_DESCRIPTION OF THE TASK_: In the data below, find the line that contains "rishi Shringi. |" and the line that contains "刺し子 リハビリ(作業療法)花ふきん布パック (ハローキティとさくらんぼ)". Copy both, plus every line between them, exactly.

_DATASET_:

Content starts

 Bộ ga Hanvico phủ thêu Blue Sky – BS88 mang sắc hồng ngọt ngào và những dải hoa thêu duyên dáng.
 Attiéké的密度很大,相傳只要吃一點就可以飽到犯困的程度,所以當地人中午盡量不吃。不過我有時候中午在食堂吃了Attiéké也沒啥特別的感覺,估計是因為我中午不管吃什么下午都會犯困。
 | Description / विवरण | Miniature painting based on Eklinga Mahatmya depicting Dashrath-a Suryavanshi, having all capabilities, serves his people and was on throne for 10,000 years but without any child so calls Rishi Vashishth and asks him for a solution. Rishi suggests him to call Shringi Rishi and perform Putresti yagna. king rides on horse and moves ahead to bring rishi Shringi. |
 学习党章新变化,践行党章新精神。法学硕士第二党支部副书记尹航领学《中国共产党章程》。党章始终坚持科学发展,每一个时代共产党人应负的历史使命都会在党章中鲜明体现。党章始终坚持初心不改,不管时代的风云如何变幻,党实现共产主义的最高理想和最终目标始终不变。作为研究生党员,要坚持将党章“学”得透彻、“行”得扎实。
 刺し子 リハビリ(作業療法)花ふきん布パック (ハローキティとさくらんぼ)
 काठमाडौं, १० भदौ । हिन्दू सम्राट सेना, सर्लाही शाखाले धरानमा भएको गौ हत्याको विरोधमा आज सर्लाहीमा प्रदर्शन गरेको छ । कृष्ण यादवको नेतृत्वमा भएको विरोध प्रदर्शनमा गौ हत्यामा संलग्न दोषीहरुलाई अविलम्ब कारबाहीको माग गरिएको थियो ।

Content ends
Content starts

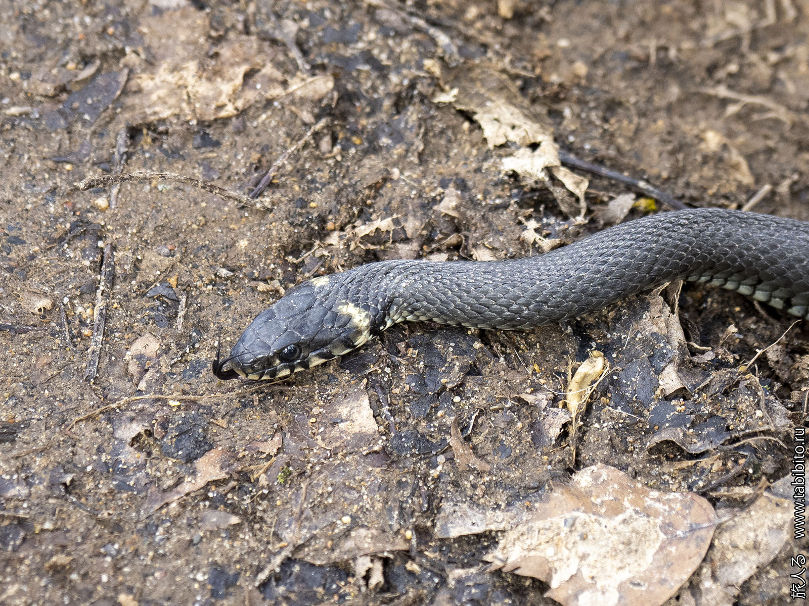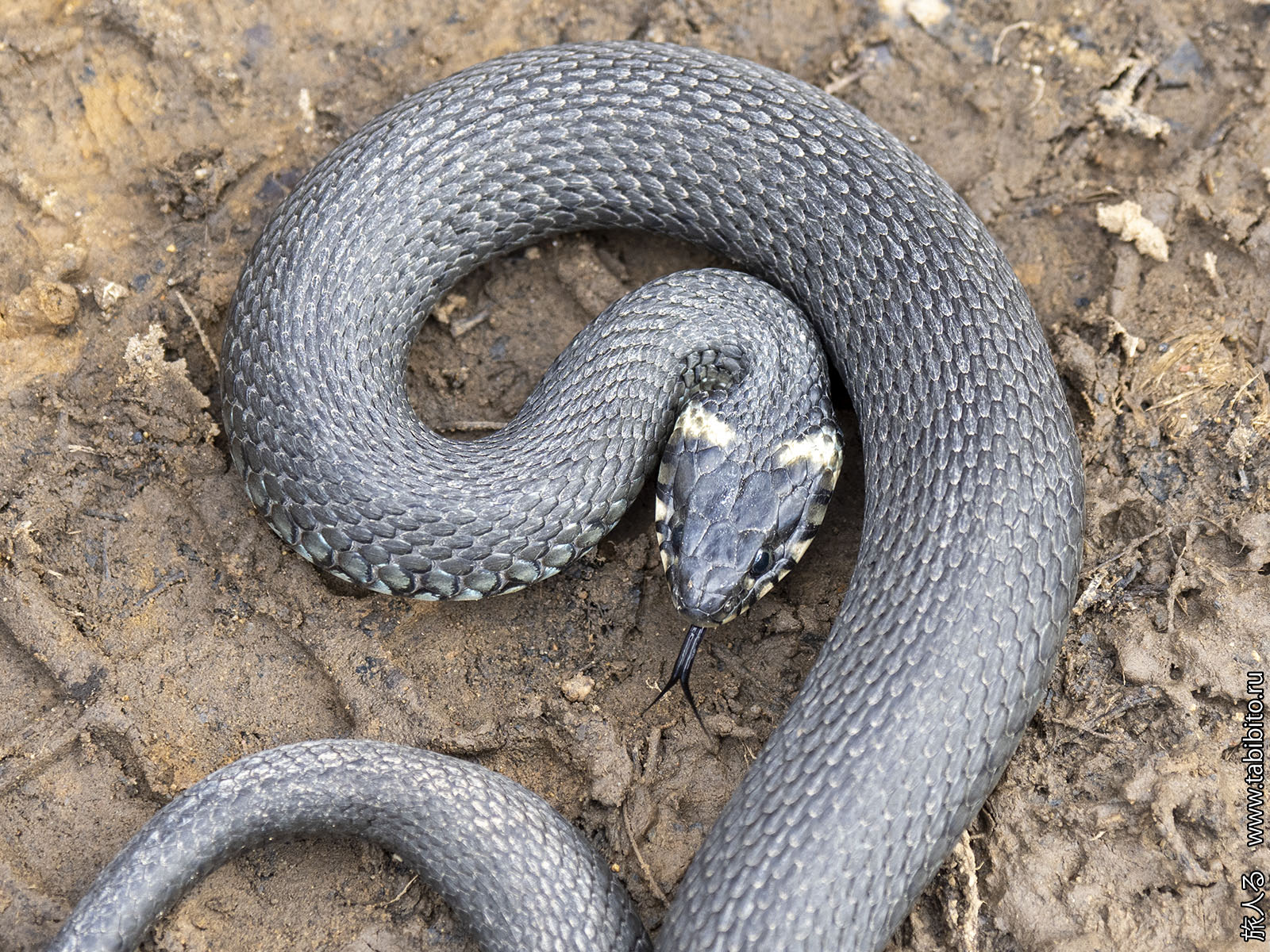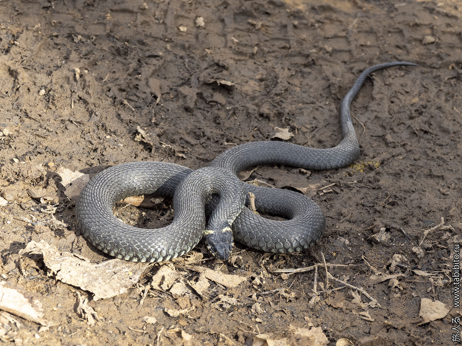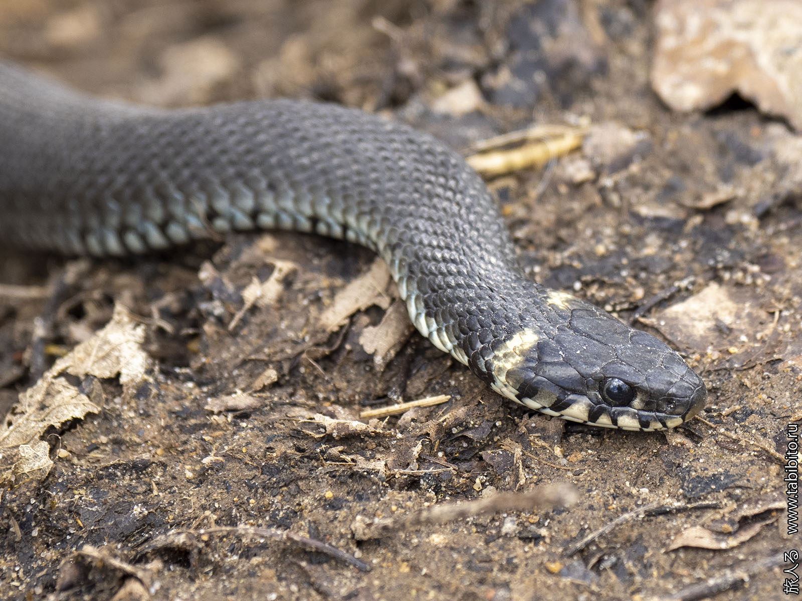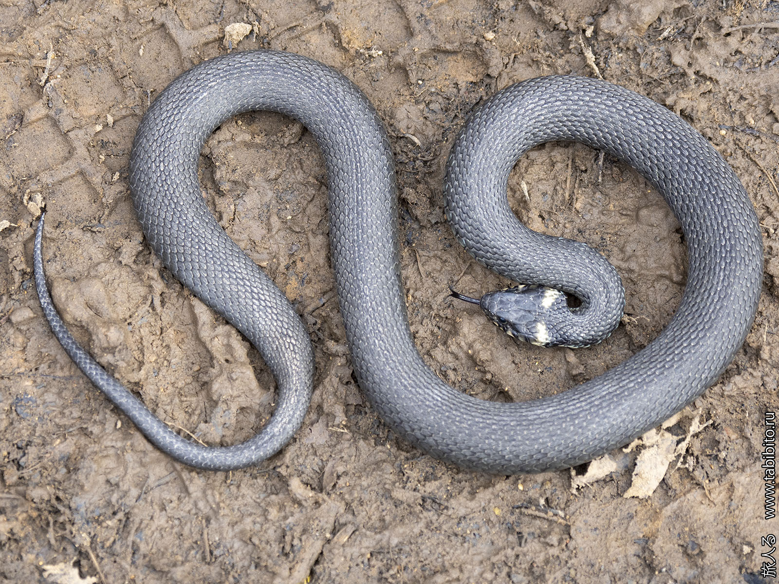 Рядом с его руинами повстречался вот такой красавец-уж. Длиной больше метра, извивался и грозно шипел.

Content ends
Content starts

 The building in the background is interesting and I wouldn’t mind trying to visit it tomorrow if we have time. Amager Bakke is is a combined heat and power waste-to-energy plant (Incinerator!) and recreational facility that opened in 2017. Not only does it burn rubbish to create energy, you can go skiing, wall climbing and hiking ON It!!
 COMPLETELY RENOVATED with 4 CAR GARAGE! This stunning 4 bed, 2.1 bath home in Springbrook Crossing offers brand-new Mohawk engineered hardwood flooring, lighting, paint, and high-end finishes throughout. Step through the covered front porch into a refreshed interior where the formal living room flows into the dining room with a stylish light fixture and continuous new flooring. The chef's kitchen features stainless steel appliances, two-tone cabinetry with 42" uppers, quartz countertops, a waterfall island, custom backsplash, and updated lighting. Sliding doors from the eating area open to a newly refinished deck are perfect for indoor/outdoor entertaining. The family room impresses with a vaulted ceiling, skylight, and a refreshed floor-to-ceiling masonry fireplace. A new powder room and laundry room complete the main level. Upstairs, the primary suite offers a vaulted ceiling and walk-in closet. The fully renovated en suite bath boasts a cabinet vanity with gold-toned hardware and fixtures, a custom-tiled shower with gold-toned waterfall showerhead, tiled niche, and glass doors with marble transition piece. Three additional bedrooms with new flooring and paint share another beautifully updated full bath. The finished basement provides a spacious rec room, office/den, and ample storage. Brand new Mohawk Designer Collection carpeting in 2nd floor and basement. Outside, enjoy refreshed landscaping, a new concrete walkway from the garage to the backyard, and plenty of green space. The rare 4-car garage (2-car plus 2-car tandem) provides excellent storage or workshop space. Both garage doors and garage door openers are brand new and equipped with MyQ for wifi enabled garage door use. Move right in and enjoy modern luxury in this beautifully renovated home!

Content ends

_WRITTEN SOLUTION_:
 | Description / विवरण | Miniature painting based on Eklinga Mahatmya depicting Dashrath-a Suryavanshi, having all capabilities, serves his people and was on throne for 10,000 years but without any child so calls Rishi Vashishth and asks him for a solution. Rishi suggests him to call Shringi Rishi and perform Putresti yagna. king rides on horse and moves ahead to bring rishi Shringi. |
 学习党章新变化,践行党章新精神。法学硕士第二党支部副书记尹航领学《中国共产党章程》。党章始终坚持科学发展,每一个时代共产党人应负的历史使命都会在党章中鲜明体现。党章始终坚持初心不改,不管时代的风云如何变幻,党实现共产主义的最高理想和最终目标始终不变。作为研究生党员,要坚持将党章“学”得透彻、“行”得扎实。
 刺し子 リハビリ(作業療法)花ふきん布パック (ハローキティとさくらんぼ)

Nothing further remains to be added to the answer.